Besides providing her students with life-long skills of craftsmanship, Olivia educates them on the matters of sustainability and upcycling materials, creating a sustainable craftsmanship from the start.“It's interesting how its actually quite an easily available material,” she explains, “once you know what you're doing.”
Through gathering excess materials from warehouses and reusing unwanted fabrics from friends and family, Olivia created a stable and sustainable business model for her brand that is truly beneficial for the environment and the local community. Being tired of the so-called ‘craftsmanship’ many companies identify as, Olivia explains that in reality “it’s just constant producing and manufacturing”. Many luxury and fast-fashion corporations define themselves as ‘craftsmen’, yet their garments are produced in factories overseas in overwhelming quantities by workers. “I find craft to be people making things” she says, “not seeing them as human machines or just being another piece of machinery.”

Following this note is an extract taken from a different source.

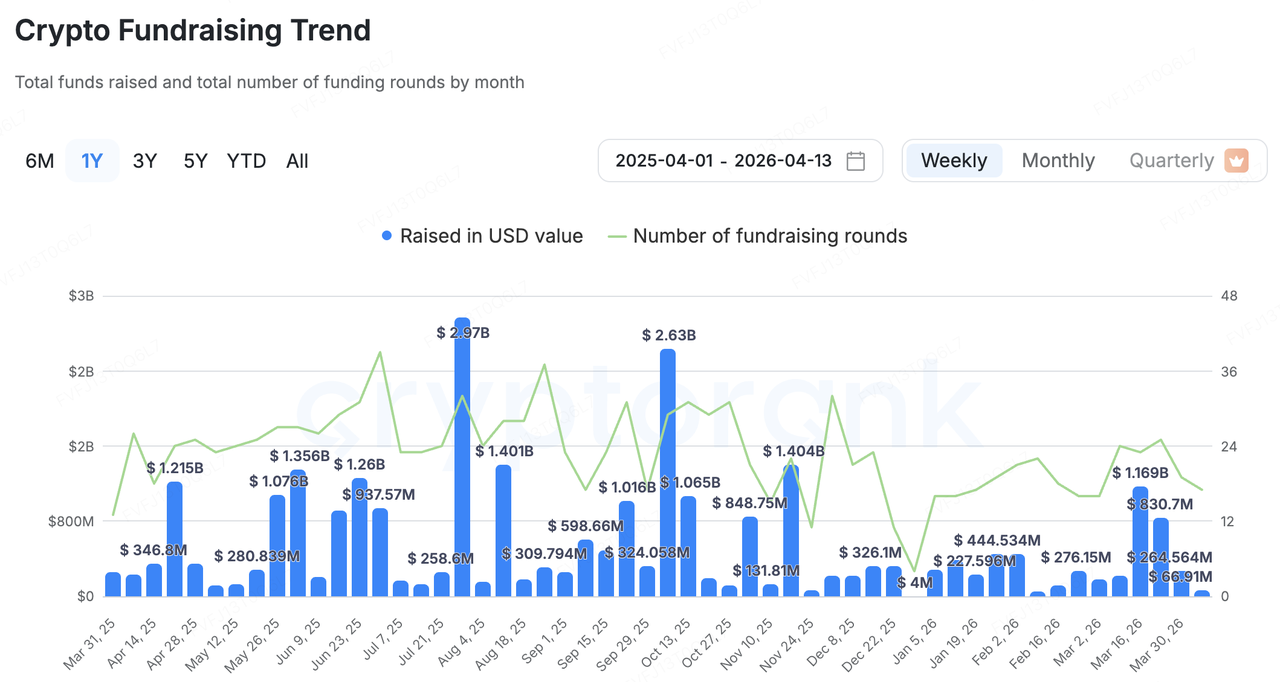 一级市场方面,CryptoRank 广义统计口径下,上周披露总额仅 6691 万美元,共 17 起资本事件,整体热度偏弱,且资金继续向少数大额项目集中。其中,RWA 基础设施项目 Pharos 完成 4400 万美元融资,占上周披露总额约 66%,成为最主要的单笔事件。

The realities of the fashion industry are no secret to anyone - worker exploitation, hazardous chemicals dumped into drinking rivers, slave labour; are just to name the few. “There’s so much going on in our society that’s illegal,” says Olivia, “and the people know about it, the state knows about it, and they don’t do anything.” That’s why, designers like Olivia, have had to create their own sustainable structure of the new and improved fashion future that puts planet and people first to make a change in the system.
The fair treatment of workers and using true craftsmanship in her designs; the price of the garment is inevitably raised to cover all the ethical labour used in production. “I always try to keep my prices down as much as possible,” Olivia explains, “because I don’t want to feed into this capitalising system, where only the very wealthy people can afford craftsmanship”.
As a designer, Olivia doesn’t have experience working for major manufacturers or designers to which she sees a huge benefit. Established designers and fashion houses are sceptical to change, and they don’t realise there may be other options of production that are more sustainable and beneficial. “The design houses and manufacturing are so separate,” she says, “[it] seems to be the common problem where designers are not taking enough responsibility.”

Being a strong advocate for sustainability, Olivia is conscious about her clothing habits. We, as consumers, are so used to buying excess amounts of cheap garments; whether it be due to sales, or simply being bored with our current wardrobes. “The hardest thing I find is not falling into the trap of the system,” she explains, but for Olivia, it primarily comes down to a shift of perspective and appreciation of what you already have.
“I see my clothes almost as people”, she says. “I’ve had some of them for so many years, that I have a wardrobe full of memories.” She emphasises to trying to establish relationships with the clothing you already have, and if you really feel for adding something new to your current wardrobe - ideally, to buy second-hand. “What I find sad at the moment, is that all brands create very similar things,” she says, “and that’s why so many items are thrown away - because it’s not interesting or doesn’t fit right.”
The beauty of buying vintage or upcycled clothing from sites like Depop, is the personalisation and range of style from various fashion eras; those iconic flared jeans from the 70s, that altered bomber jacket from the 90s that’s a bit more current, or that pair of Dr. Marten’s that you’ve wanted for so long, but couldn’t afford. Instead of being thrown away, the items are repurposed and find a new home; allowing for a circular fashion system.
The constant production of new collections, repetitiveness, and endless seasons contribute to the ‘throw-away culture’ we have succumbed to. “Its not made for the diversity of human beings we have on our planet”, Olivia explains. We are not all made of identical physiques, each of us is completely different from one aspect to the other, for instance; the length of our torso, or the waist-tohip ratio, our breast shape - so why are we letting fashion companies treat us like we’re all one person? “I’m hoping that in the future, there’s going to be loads of different sizes, designs, style, and diversity,” says Olivia, “a very colourful future.”